▶ [DATA EXCERPTS]:

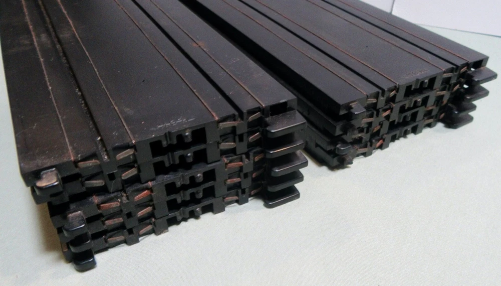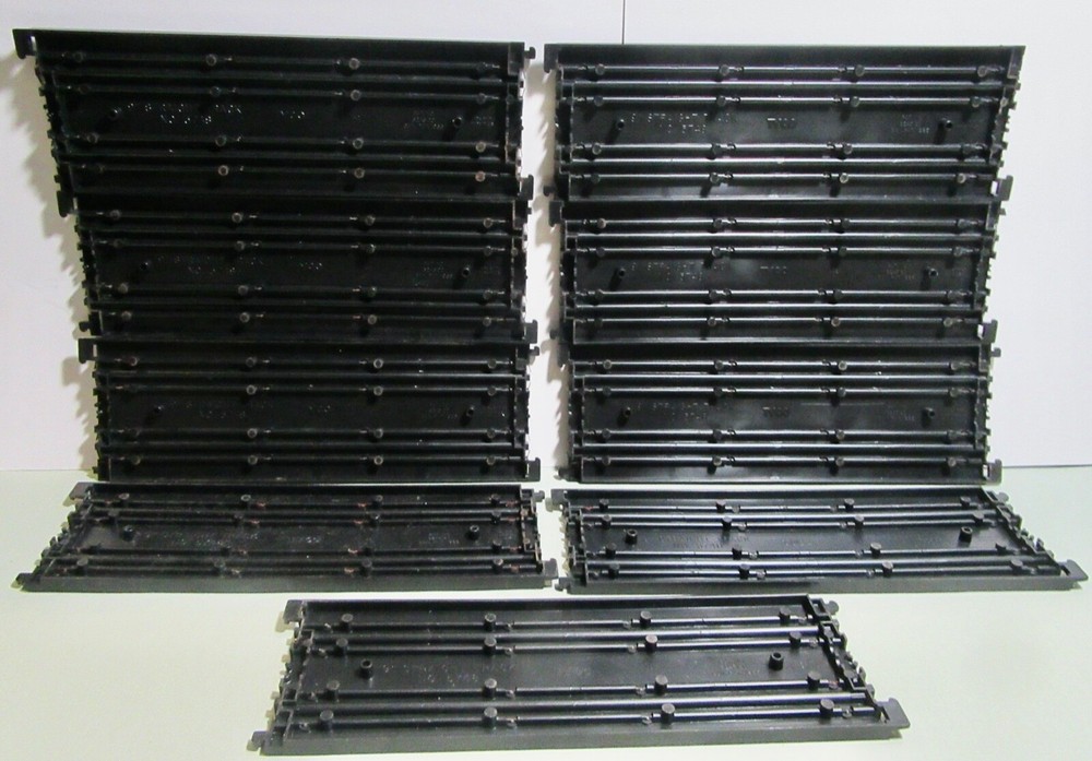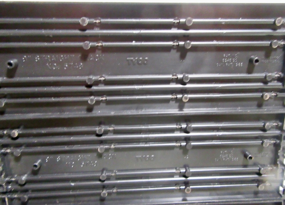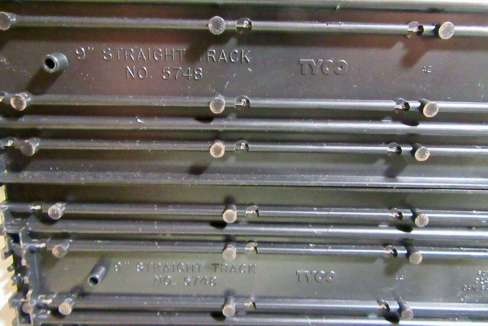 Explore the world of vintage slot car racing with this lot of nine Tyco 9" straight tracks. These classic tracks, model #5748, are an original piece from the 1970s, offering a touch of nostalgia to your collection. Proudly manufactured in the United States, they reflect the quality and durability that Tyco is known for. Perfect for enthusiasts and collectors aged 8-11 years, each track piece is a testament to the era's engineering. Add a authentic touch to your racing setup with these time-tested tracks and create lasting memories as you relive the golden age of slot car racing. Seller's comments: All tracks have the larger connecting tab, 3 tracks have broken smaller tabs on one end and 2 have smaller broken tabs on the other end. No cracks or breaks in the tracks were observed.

==

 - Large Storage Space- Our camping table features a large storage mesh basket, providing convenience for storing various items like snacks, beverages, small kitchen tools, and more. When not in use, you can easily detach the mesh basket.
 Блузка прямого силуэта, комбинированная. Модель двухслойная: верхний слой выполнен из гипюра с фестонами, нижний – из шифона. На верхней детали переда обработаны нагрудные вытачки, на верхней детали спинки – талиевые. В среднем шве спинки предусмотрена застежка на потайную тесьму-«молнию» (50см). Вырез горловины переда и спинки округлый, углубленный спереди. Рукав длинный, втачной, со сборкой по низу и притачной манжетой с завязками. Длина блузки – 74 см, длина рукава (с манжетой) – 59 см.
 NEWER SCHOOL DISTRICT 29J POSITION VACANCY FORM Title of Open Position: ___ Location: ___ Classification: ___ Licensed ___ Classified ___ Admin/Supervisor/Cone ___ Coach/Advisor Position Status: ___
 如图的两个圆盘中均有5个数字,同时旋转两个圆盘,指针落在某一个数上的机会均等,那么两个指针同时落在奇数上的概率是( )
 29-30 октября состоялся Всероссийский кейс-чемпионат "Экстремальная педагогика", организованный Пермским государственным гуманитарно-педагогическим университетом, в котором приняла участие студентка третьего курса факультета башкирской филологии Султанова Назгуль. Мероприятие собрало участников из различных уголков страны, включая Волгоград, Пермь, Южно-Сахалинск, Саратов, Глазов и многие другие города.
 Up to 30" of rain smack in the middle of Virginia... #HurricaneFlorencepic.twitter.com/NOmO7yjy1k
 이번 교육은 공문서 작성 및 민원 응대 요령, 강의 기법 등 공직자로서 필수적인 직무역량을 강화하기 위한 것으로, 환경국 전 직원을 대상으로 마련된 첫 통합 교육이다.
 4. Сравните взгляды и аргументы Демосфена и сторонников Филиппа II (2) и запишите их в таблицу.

▶ [WHAT IS BEING ASKED]: Write out exactly the lines that fall from the line with "29-30 октября состоялся" to the line with "4. Сравните взгляды" in the records above, keeping both ends.

▶ [TASK RESPONSE]:
 29-30 октября состоялся Всероссийский кейс-чемпионат "Экстремальная педагогика", организованный Пермским государственным гуманитарно-педагогическим университетом, в котором приняла участие студентка третьего курса факультета башкирской филологии Султанова Назгуль. Мероприятие собрало участников из различных уголков страны, включая Волгоград, Пермь, Южно-Сахалинск, Саратов, Глазов и многие другие города.
 Up to 30" of rain smack in the middle of Virginia... #HurricaneFlorencepic.twitter.com/NOmO7yjy1k
 이번 교육은 공문서 작성 및 민원 응대 요령, 강의 기법 등 공직자로서 필수적인 직무역량을 강화하기 위한 것으로, 환경국 전 직원을 대상으로 마련된 첫 통합 교육이다.
 4. Сравните взгляды и аргументы Демосфена и сторонников Филиппа II (2) и запишите их в таблицу.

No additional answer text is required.